経済解析室

第3次産業活動指数、鉱工業指数などを使って、経済産業の「今」について考えていきたいと思います。

平成27年第4四半期の海外現地法人の活動においては、日本向け出荷が前年水準をした回り、これで2四半期連続。日本市場向け出荷において、国内回帰が垣間見られている。

 グローバル出荷指数とは、日本国内の製造業生産拠点と日本企業の海外現地法人(海外製造拠点)からの出荷(販売)数量を統一的に把握出来るように作成した指数です。現在は、平成22年平均を100とした指数の形で、四半期ごとに作成しています。

 今回は、平成27年、2015年第4四半期(10-12月期)の指標をとりまとめることができたので、その結果について順次、御紹介していきたいと思います。

 

 日本製造業の日本国内/海外拠点からの出荷を合計したグローバル出荷指数の前年水準との比較(前年同期比)との比較を説明します。

 平成27年第4四半期のグローバル出荷指数の前年同期比はプラス0.2%上昇となっており、10期連続で前年同期比プラスが続いています。とはいえ、その前年同期比上昇幅は0.2%に留まり、前年に比べてあまり水準が上昇しているとは言えません。

 内訳をみると、海外出荷指数は、前年同期比2.9%上昇と16期連続で前年同期比プラスでした。

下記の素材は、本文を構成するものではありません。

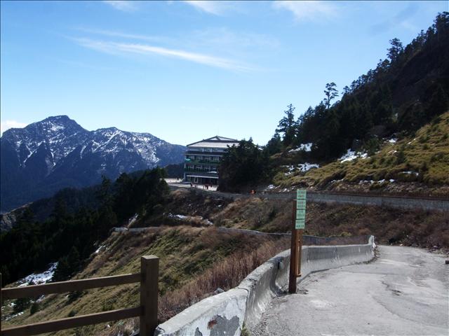 遠看松雪樓。松雪樓是全台灣最高的飯店,位於合歡山國家公園的入口處旁,在這裡,一年四季看到的景色就大概是兩種吧!不是松樹就是雪景~哈哈!所以才叫松雪樓吧!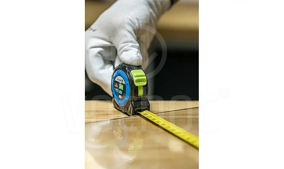Kompaktní svinovací metr pro renovační a dokončovací práce na stavbě, nebo v každé domácnosti. Metr má žlutou pásku s černým potiskem čímž zajišťuje čitelnost měření a mechanismus automatického navíjení pásky. Dvě brzdová tlačítka umožňují pásku zablokovat kdykoliv.

一方、国内出荷指数は、前年同期比マイナス0.8%低下となり、これで6期連続の低下が続いていることになります(これは、国内のうち、輸出向け出荷が前年同期比マイナス4.3%低下となったことによる)。

 

 ただ、増税前の駆け込み需要による出荷増要因が剥落した平成26年第2四半期を除くと、前年同期比は7%程度の上昇幅であったこの2年ほど(それ以前は、もっと上昇幅が大きい)の動きからすると、第3四半期の前年同期比4.4%上昇、そして第4四半期の前年同期比2.9%上昇は、前年水準からの伸びとしては、多少もの足り無いかも知れません。

 国内・海外出荷のグローバル出荷全体への寄与をみると、海外出荷がプラス寄与、国内出荷がマイナス寄与という基調には変わりありませんが、海外出荷のプラス寄与幅が小さくなってきていること(他方で、国内出荷のマイナス寄与が小さくなっている)ことも事実です。

 

 

 そこで、海外出荷の仕向け先別内訳の変化を見てみます。

 海外出荷指数のうち、自国向け出荷(現地法人が立地している国・地域市場への出荷)は前年同期比プラス4.8%上昇と、海外出荷全体の上昇率に比べて高い伸び率を見せています。他方、海外生産の日本向け出荷は前年同期比マイナス3.5%低下と大きく低下しています。第三国向け出荷は前年同期比0.1%上昇とほぼ横ばいといえるでしょう。

 要すれば、海外現地法人の「輸出」、つまり、立地国・地域以外への出荷は前年水準を下回っているということです。特に、第三国向け出荷があまり変化していない一方で、日本向けの出荷の前年水準からの低下が大きく、これが海外出荷全体の前年比を押し下げている要因ということになります。

 

  平成26年度の指数水準と比べると、日本向け(平成26年度125.1→平成27年第4四半期126.2)、第3国向け(平成26年度131.2→平成27年第4四半期133.9)の指数がそれほど伸びていない一方で、自国向けでは、平成26年度125.6から平成27年第4四半期134.7と大きく伸びています。

 日系製造業の海外展開は、日本や第三国マーケットをターゲットにして開始され、現地法人の立地市場向けにシフトしてきていると言われますが、目下のグローバル出荷の推移を見ると、「海外の仕向け先市場で生産する」という色合いが更に強くなってきているのかも知れません。

 第3四半期のデータの段階では、日本向けの海外出荷指数の前年同期比マイナスを「珍しい」現象だと評価していました。しかし、日本向け出荷の前年同期比の低下が、2四半期連続となり、他方で、国内向けの国内出荷指数が前年同期比プラスとなったことを踏まえると、多少、「国内回帰」の動きがデータから伺えると言っても良いかと思います。